Super Mario Run est donc un runner, mais tout est fait pour donner le sentiment au joueur qu’il s’adonne à un « vrai » jeu Mario, et pas seulement parce qu’il reprend largement l’esthétique des New Super Mario Bros. L’un des éléments clés est la présence, au sol des niveaux, de blocs qui stoppent la course du personnage, lui permettant de planifier ses mouvements suivants. Briser la continuité du mouvement pour ensuite (tenter de) la retrouver : telle est la logique de Super Mario Run qui n’entend pas seulement reproduire le flow du speedrunning (une influence revendiquée par Shigeru Miyamoto, le père du moustachu plus impliqué, dit-on, dans ce Mario que dans aucun autre depuis 2007) mais, aussi, à travailler sur la pause, la temporisation et l’observation qui sont des dimensions essentielles de la série sur consoles. Par moments, on en oublierait presque qu’on ne dirige pas vraiment Mario.

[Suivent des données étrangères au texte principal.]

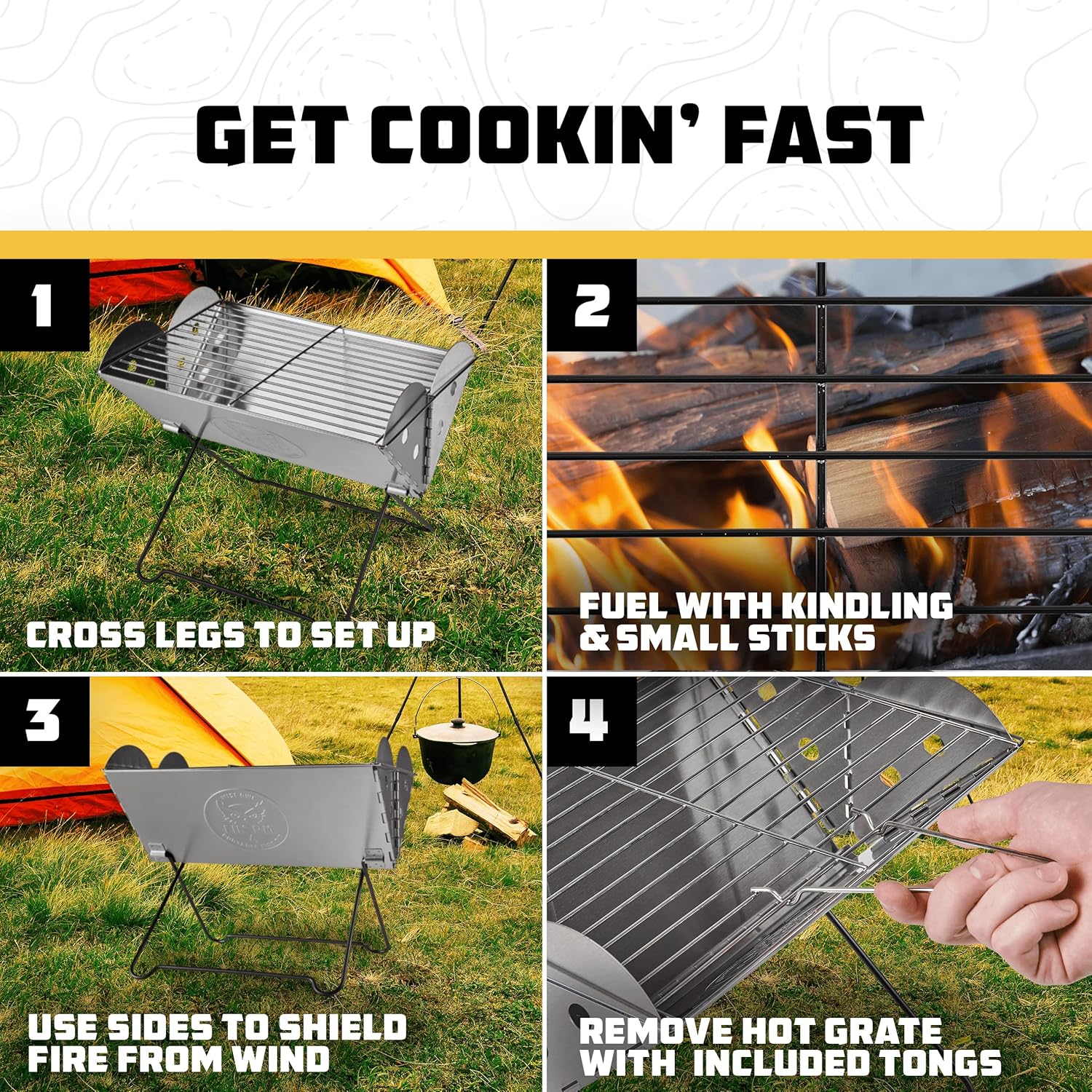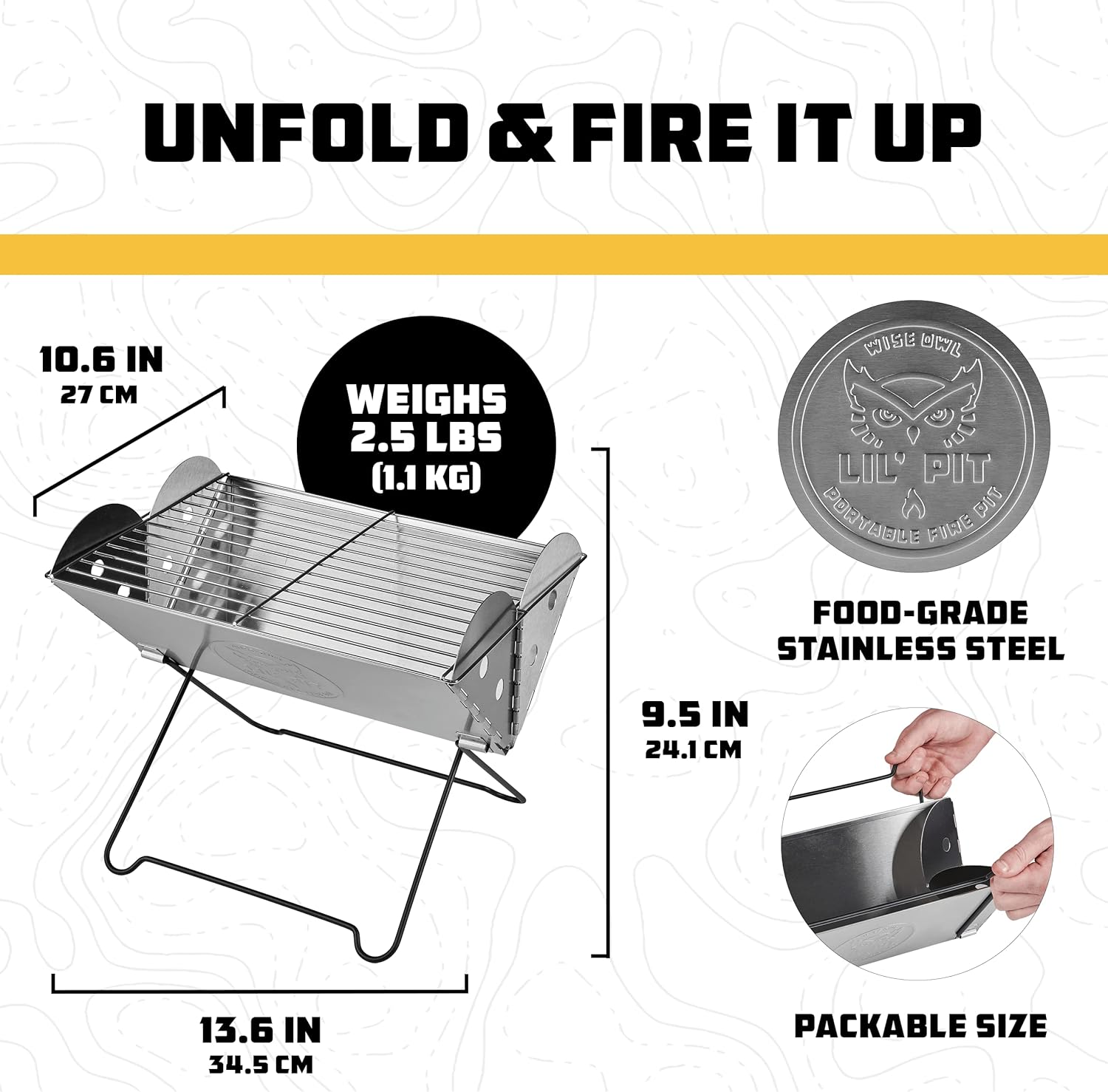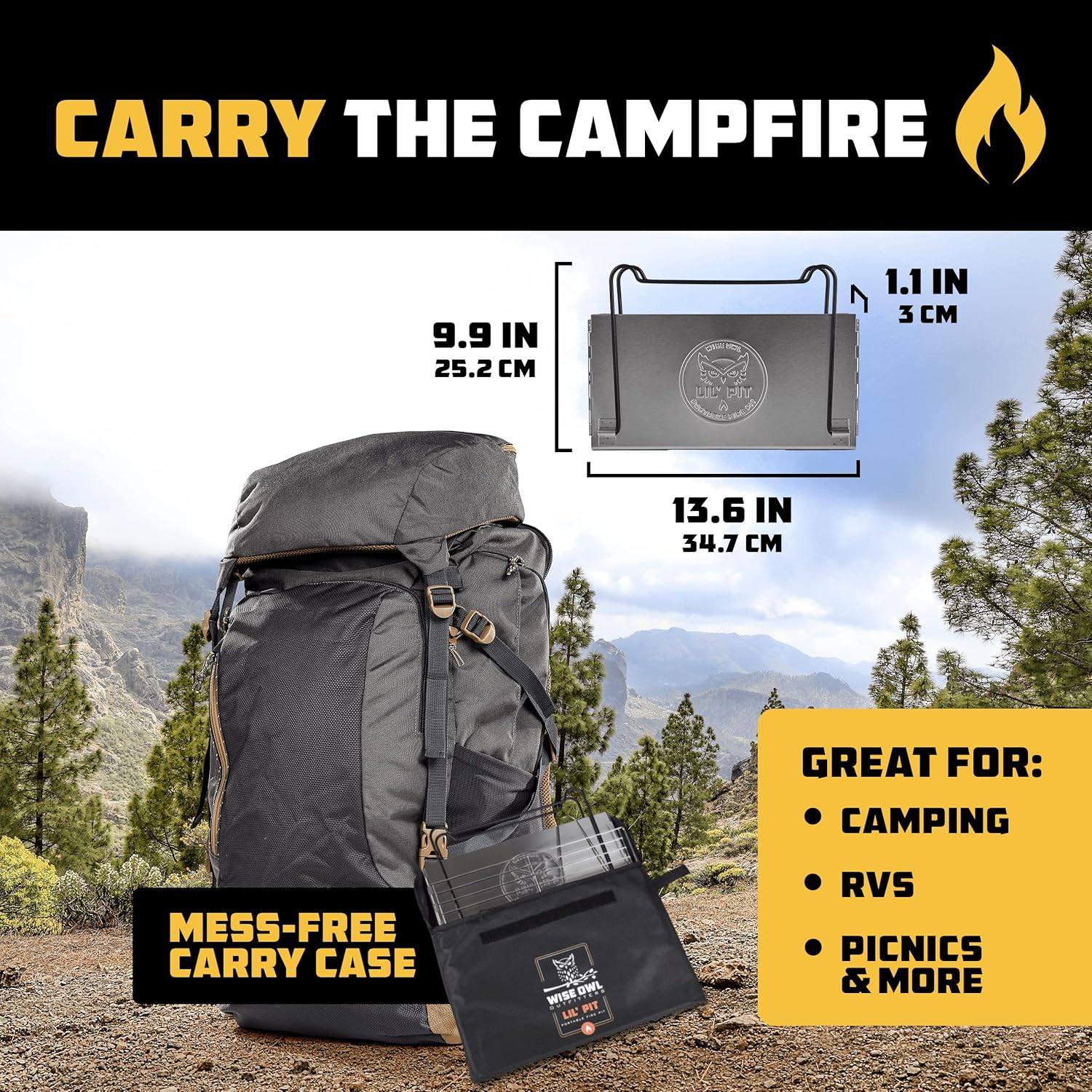 The included carrying case makes it easy to pack and store the fire pit when not in use, while the sturdy construction ensures long-lasting durability. Whether you’re grilling up burgers, roasting marshmallows, or just enjoying the warmth of a crackling fire, the Wise Owl Outfitters Portable Camping Grill is the perfect addition to your outdoor adventures. Order yours today and elevate your outdoor cooking experience!

C’est la grande réussite mais, aussi, sans doute, la limite de Super Mario Run qui, malgré son insistance sur la verticalité (en raison de l’orientation de l’écran du mobile), n’emmène pas vraiment la saga sur des rivages différents. Lorsqu’en 2012, sous la houlette du studio parisien Pastagames, le rival Rayman s’était essayé au genre avec Rayman Jungle Run, cela avait été une révélation. On retrouvera d’ailleurs des traces de ses expérimentations (sur la vitesse et la dimension rythmique du jeu de plateforme, notamment) dans l’épisode pour consoles paru l’année suivante, Rayman Legends. On imagine difficilement voir se produire le même phénomène avec Super Mario Run, dont la fonction de cheval de Troie (faire revenir Mario dans la vie des gens via leurs appareils mobiles pour les attirer vers les consoles Nintendo, dont la future Switch qui aura elle aussi son Mario) est plus ou moins avouée par les responsables de la société japonaise.
Si un jeu vidéo est une simulation, Super Mario Run est une simulation de simulation, un simulacre au carré – un Mario presque pour de faux. Dans d’autres formes d’art, ce pourrait être un film de cinéma recadré pour son passage à la télé ou une toile de maître imprimée sur une carte postale. Il n’y a bien évidemment d’horrible à ça. On est même tout à fait en droit de préférer le petit écran ou la carte postale aux œuvres dans leur forme originale – parce qu’on y accède plus facilement, parce qu’on y discerne mieux les détails, parce qu’on peut vivre avec. Super Mario Run, c’est un peu ça : une reproduction de Mario, qui ne se substitue pas à l’original mais l’évoque subtilement, le rappelle à notre (bon) souvenir. Et aide à mieux le voir, le comprendre, l’aimer.